Prompt: Would you transcribe each entry precisely as it stands, setting aside any images?

===

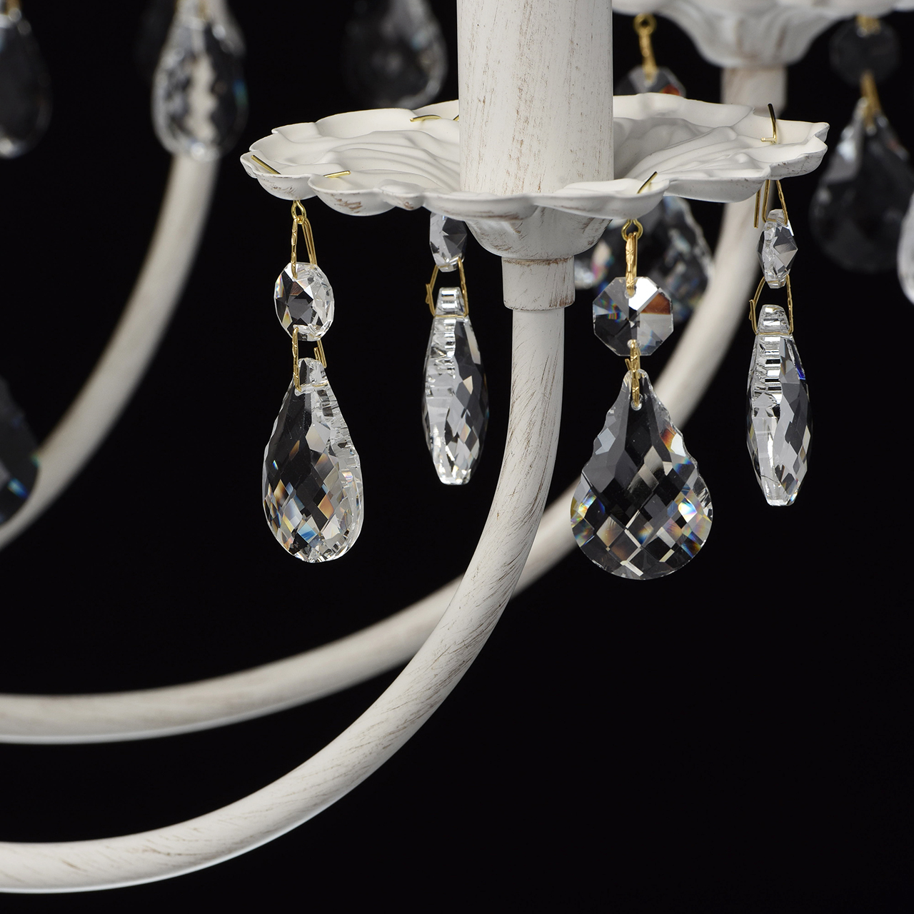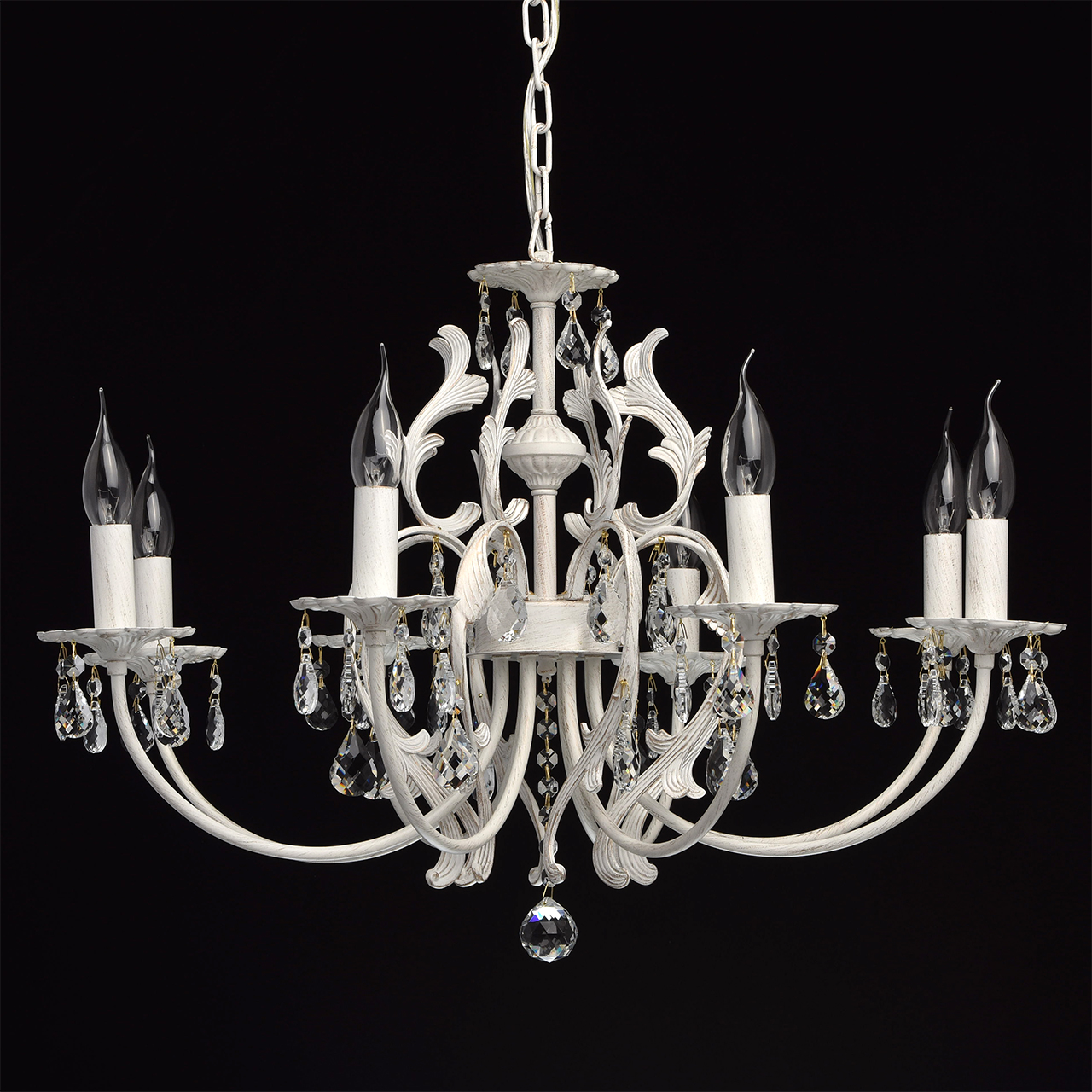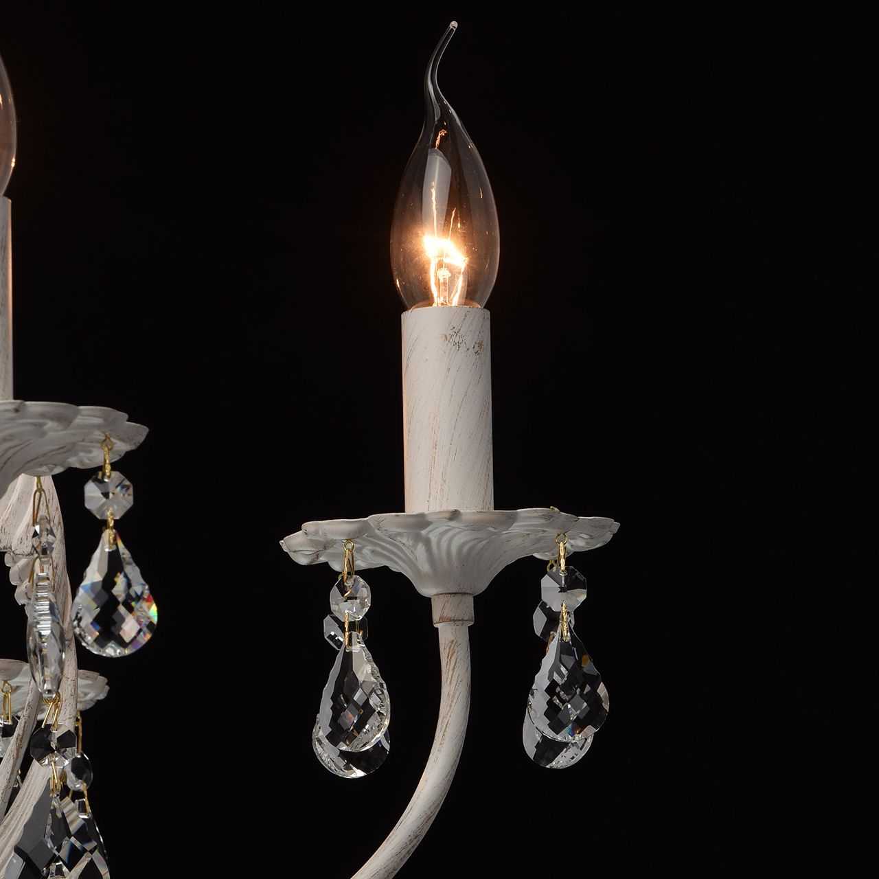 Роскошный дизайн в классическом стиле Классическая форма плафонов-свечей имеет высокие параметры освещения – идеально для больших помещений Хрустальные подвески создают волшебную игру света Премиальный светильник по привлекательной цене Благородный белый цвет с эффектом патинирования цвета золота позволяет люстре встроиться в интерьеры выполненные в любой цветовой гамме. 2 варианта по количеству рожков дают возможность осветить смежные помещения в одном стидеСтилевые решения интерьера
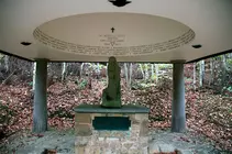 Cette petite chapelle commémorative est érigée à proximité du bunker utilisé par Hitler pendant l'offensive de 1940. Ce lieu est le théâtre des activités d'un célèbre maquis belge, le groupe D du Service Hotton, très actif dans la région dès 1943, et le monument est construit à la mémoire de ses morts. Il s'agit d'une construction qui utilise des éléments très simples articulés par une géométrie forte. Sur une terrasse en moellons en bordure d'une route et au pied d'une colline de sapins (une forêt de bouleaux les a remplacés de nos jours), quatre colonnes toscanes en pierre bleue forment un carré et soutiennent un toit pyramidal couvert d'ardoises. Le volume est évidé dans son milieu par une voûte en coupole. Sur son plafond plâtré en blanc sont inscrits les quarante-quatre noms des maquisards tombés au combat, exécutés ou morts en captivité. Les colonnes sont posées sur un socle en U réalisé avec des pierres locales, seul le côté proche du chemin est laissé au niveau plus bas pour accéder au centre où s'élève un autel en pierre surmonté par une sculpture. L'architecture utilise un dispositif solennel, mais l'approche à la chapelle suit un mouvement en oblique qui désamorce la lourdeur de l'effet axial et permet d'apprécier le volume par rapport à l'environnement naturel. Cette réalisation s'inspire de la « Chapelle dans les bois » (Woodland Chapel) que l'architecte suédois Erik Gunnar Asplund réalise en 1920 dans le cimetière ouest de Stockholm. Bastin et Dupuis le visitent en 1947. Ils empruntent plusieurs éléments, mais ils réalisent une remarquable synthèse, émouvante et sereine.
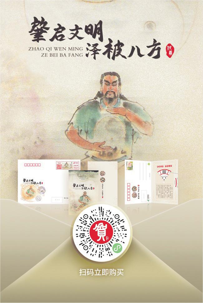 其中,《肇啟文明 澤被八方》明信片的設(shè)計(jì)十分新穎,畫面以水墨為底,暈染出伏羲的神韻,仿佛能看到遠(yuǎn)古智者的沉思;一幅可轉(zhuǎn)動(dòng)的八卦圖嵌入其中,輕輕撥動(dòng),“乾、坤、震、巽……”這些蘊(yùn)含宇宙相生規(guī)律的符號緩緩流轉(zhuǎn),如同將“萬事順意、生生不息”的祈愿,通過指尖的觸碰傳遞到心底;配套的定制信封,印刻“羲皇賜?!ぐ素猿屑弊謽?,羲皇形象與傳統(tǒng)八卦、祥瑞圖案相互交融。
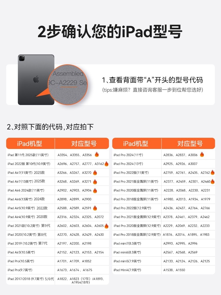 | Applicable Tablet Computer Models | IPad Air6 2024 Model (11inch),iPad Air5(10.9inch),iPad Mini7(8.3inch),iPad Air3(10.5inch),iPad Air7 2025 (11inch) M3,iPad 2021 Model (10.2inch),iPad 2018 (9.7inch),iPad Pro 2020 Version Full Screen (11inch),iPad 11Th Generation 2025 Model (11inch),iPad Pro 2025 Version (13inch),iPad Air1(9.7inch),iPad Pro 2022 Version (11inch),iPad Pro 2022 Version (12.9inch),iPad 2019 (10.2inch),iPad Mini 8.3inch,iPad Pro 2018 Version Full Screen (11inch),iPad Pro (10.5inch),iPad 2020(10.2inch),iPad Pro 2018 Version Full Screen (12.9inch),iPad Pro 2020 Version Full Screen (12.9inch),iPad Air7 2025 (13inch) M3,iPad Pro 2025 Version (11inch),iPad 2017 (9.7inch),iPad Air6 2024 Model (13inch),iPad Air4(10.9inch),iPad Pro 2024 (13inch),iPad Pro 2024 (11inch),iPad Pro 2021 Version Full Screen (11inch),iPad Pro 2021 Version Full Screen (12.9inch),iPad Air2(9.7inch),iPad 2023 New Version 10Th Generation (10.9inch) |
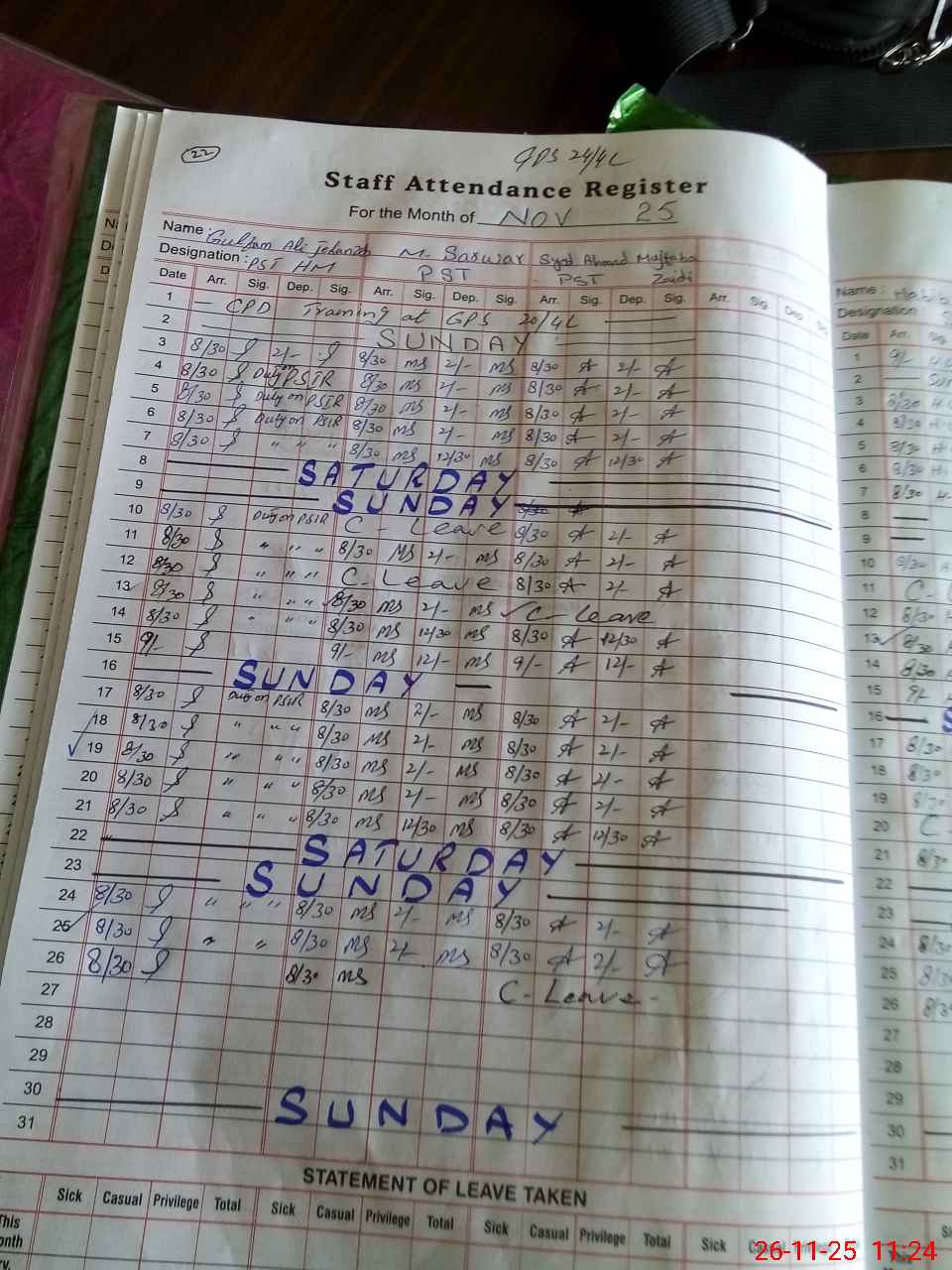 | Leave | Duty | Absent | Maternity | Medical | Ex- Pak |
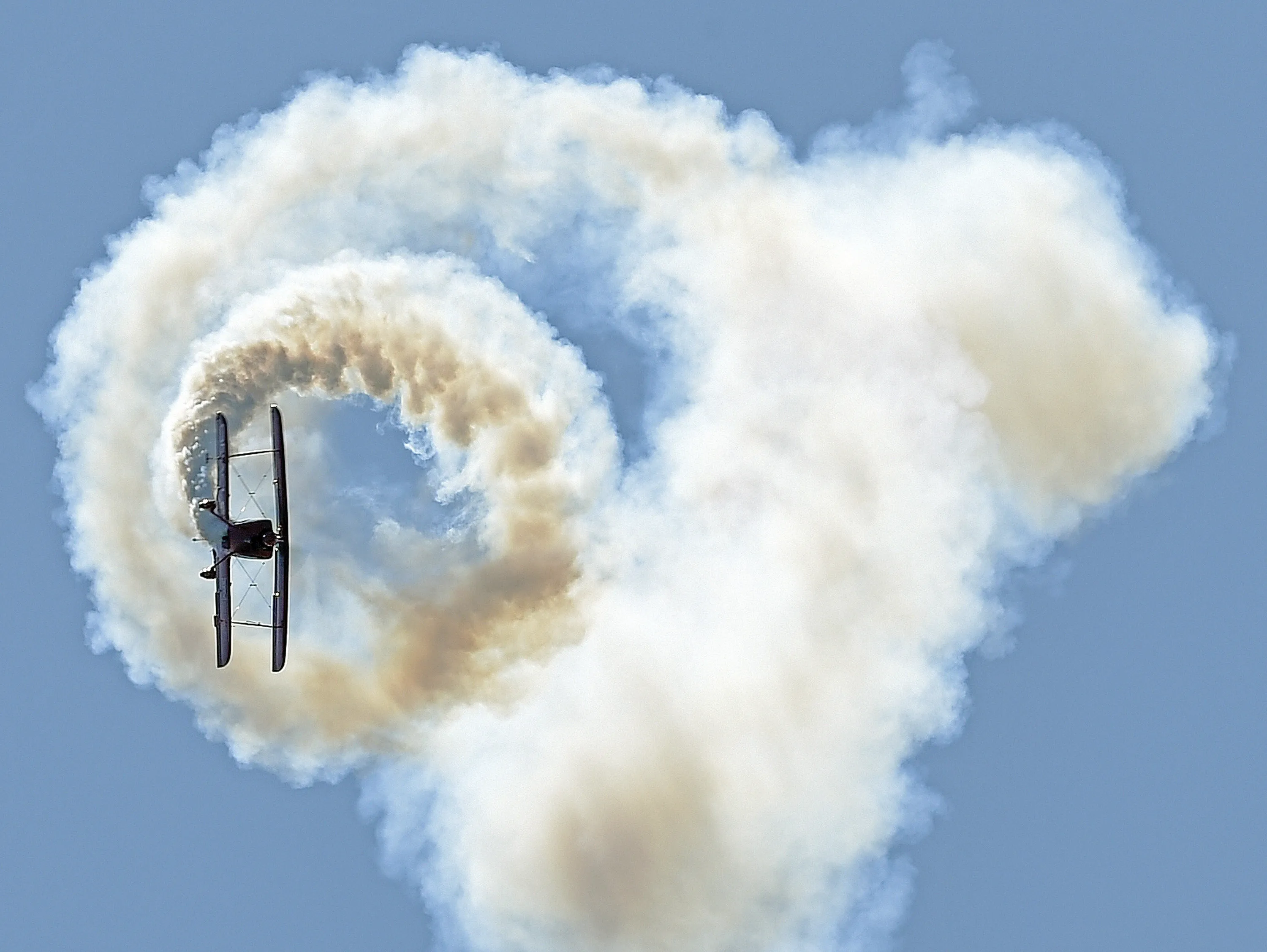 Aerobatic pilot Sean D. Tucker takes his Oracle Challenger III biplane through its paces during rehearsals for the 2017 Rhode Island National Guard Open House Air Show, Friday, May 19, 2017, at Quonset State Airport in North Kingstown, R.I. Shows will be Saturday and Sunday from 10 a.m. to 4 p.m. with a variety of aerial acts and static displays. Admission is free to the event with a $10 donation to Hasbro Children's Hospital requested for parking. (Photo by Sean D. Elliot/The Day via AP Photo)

===

Response box:
 Роскошный дизайн в классическом стиле Классическая форма плафонов-свечей имеет высокие параметры освещения – идеально для больших помещений Хрустальные подвески создают волшебную игру света Премиальный светильник по привлекательной цене Благородный белый цвет с эффектом патинирования цвета золота позволяет люстре встроиться в интерьеры выполненные в любой цветовой гамме. 2 варианта по количеству рожков дают возможность осветить смежные помещения в одном стидеСтилевые решения интерьера
 Cette petite chapelle commémorative est érigée à proximité du bunker utilisé par Hitler pendant l'offensive de 1940. Ce lieu est le théâtre des activités d'un célèbre maquis belge, le groupe D du Service Hotton, très actif dans la région dès 1943, et le monument est construit à la mémoire de ses morts. Il s'agit d'une construction qui utilise des éléments très simples articulés par une géométrie forte. Sur une terrasse en moellons en bordure d'une route et au pied d'une colline de sapins (une forêt de bouleaux les a remplacés de nos jours), quatre colonnes toscanes en pierre bleue forment un carré et soutiennent un toit pyramidal couvert d'ardoises. Le volume est évidé dans son milieu par une voûte en coupole. Sur son plafond plâtré en blanc sont inscrits les quarante-quatre noms des maquisards tombés au combat, exécutés ou morts en captivité. Les colonnes sont posées sur un socle en U réalisé avec des pierres locales, seul le côté proche du chemin est laissé au niveau plus bas pour accéder au centre où s'élève un autel en pierre surmonté par une sculpture. L'architecture utilise un dispositif solennel, mais l'approche à la chapelle suit un mouvement en oblique qui désamorce la lourdeur de l'effet axial et permet d'apprécier le volume par rapport à l'environnement naturel. Cette réalisation s'inspire de la « Chapelle dans les bois » (Woodland Chapel) que l'architecte suédois Erik Gunnar Asplund réalise en 1920 dans le cimetière ouest de Stockholm. Bastin et Dupuis le visitent en 1947. Ils empruntent plusieurs éléments, mais ils réalisent une remarquable synthèse, émouvante et sereine.
 其中,《肇啟文明 澤被八方》明信片的設(shè)計(jì)十分新穎,畫面以水墨為底,暈染出伏羲的神韻,仿佛能看到遠(yuǎn)古智者的沉思;一幅可轉(zhuǎn)動(dòng)的八卦圖嵌入其中,輕輕撥動(dòng),“乾、坤、震、巽……”這些蘊(yùn)含宇宙相生規(guī)律的符號緩緩流轉(zhuǎn),如同將“萬事順意、生生不息”的祈愿,通過指尖的觸碰傳遞到心底;配套的定制信封,印刻“羲皇賜?!ぐ素猿屑弊謽?,羲皇形象與傳統(tǒng)八卦、祥瑞圖案相互交融。
 | Applicable Tablet Computer Models | IPad Air6 2024 Model (11inch),iPad Air5(10.9inch),iPad Mini7(8.3inch),iPad Air3(10.5inch),iPad Air7 2025 (11inch) M3,iPad 2021 Model (10.2inch),iPad 2018 (9.7inch),iPad Pro 2020 Version Full Screen (11inch),iPad 11Th Generation 2025 Model (11inch),iPad Pro 2025 Version (13inch),iPad Air1(9.7inch),iPad Pro 2022 Version (11inch),iPad Pro 2022 Version (12.9inch),iPad 2019 (10.2inch),iPad Mini 8.3inch,iPad Pro 2018 Version Full Screen (11inch),iPad Pro (10.5inch),iPad 2020(10.2inch),iPad Pro 2018 Version Full Screen (12.9inch),iPad Pro 2020 Version Full Screen (12.9inch),iPad Air7 2025 (13inch) M3,iPad Pro 2025 Version (11inch),iPad 2017 (9.7inch),iPad Air6 2024 Model (13inch),iPad Air4(10.9inch),iPad Pro 2024 (13inch),iPad Pro 2024 (11inch),iPad Pro 2021 Version Full Screen (11inch),iPad Pro 2021 Version Full Screen (12.9inch),iPad Air2(9.7inch),iPad 2023 New Version 10Th Generation (10.9inch) |
 | Leave | Duty | Absent | Maternity | Medical | Ex- Pak |
 Aerobatic pilot Sean D. Tucker takes his Oracle Challenger III biplane through its paces during rehearsals for the 2017 Rhode Island National Guard Open House Air Show, Friday, May 19, 2017, at Quonset State Airport in North Kingstown, R.I. Shows will be Saturday and Sunday from 10 a.m. to 4 p.m. with a variety of aerial acts and static displays. Admission is free to the event with a $10 donation to Hasbro Children's Hospital requested for parking. (Photo by Sean D. Elliot/The Day via AP Photo)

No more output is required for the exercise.